AVAILABLE RECORDS:
+++

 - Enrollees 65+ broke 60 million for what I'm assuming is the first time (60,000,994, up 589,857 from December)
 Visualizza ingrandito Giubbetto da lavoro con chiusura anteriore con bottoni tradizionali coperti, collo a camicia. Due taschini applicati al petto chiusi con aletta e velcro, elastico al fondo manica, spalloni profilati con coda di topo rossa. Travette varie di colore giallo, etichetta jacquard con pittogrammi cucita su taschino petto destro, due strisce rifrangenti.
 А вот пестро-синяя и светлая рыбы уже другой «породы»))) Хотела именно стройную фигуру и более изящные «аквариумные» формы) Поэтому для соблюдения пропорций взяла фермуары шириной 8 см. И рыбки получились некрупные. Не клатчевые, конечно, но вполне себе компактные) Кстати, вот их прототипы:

+++

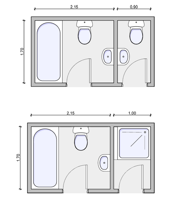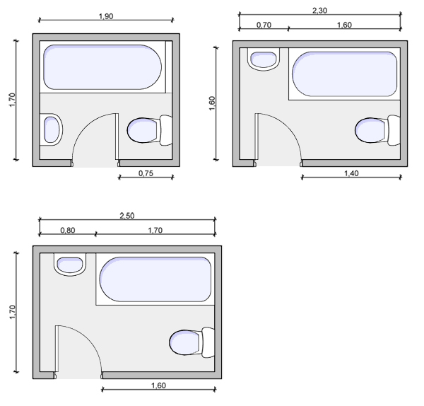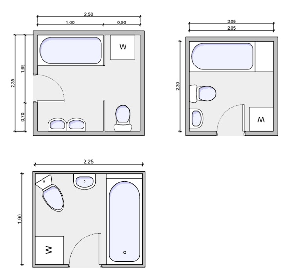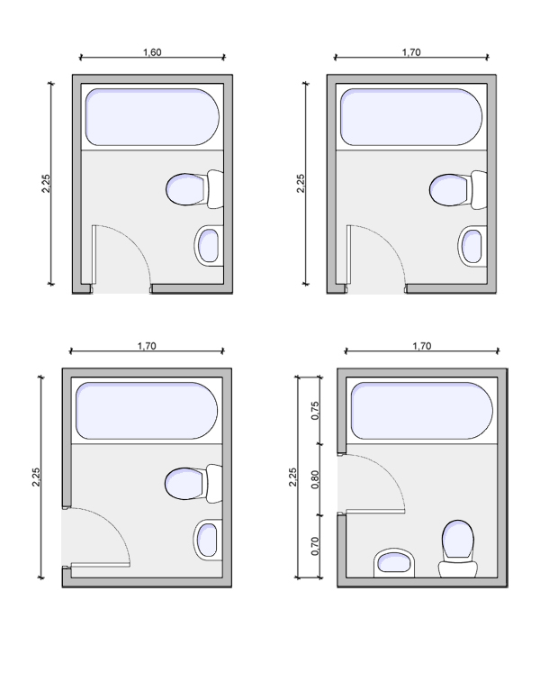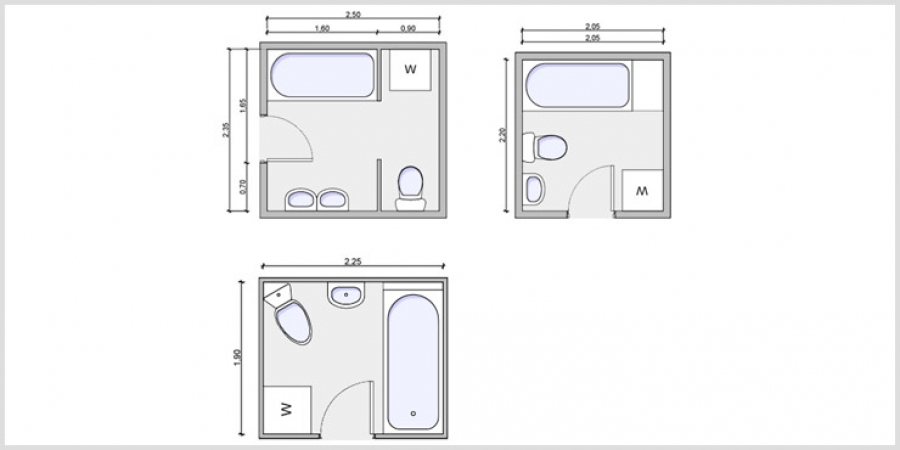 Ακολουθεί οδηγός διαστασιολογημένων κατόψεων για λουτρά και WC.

+++

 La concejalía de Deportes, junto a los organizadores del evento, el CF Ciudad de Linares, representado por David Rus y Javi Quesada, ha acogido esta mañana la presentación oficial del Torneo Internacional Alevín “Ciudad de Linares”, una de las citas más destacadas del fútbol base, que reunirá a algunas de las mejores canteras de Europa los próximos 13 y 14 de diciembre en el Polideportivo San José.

+++

REQUIRED WORK: Can you repeat, word for word, every line above from the one containing "- Enrollees 65+" down to the one containing "Visualizza ingrandito Giubbetto", including both?

WRITTEN REPLY:
 - Enrollees 65+ broke 60 million for what I'm assuming is the first time (60,000,994, up 589,857 from December)
 Visualizza ingrandito Giubbetto da lavoro con chiusura anteriore con bottoni tradizionali coperti, collo a camicia. Due taschini applicati al petto chiusi con aletta e velcro, elastico al fondo manica, spalloni profilati con coda di topo rossa. Travette varie di colore giallo, etichetta jacquard con pittogrammi cucita su taschino petto destro, due strisce rifrangenti.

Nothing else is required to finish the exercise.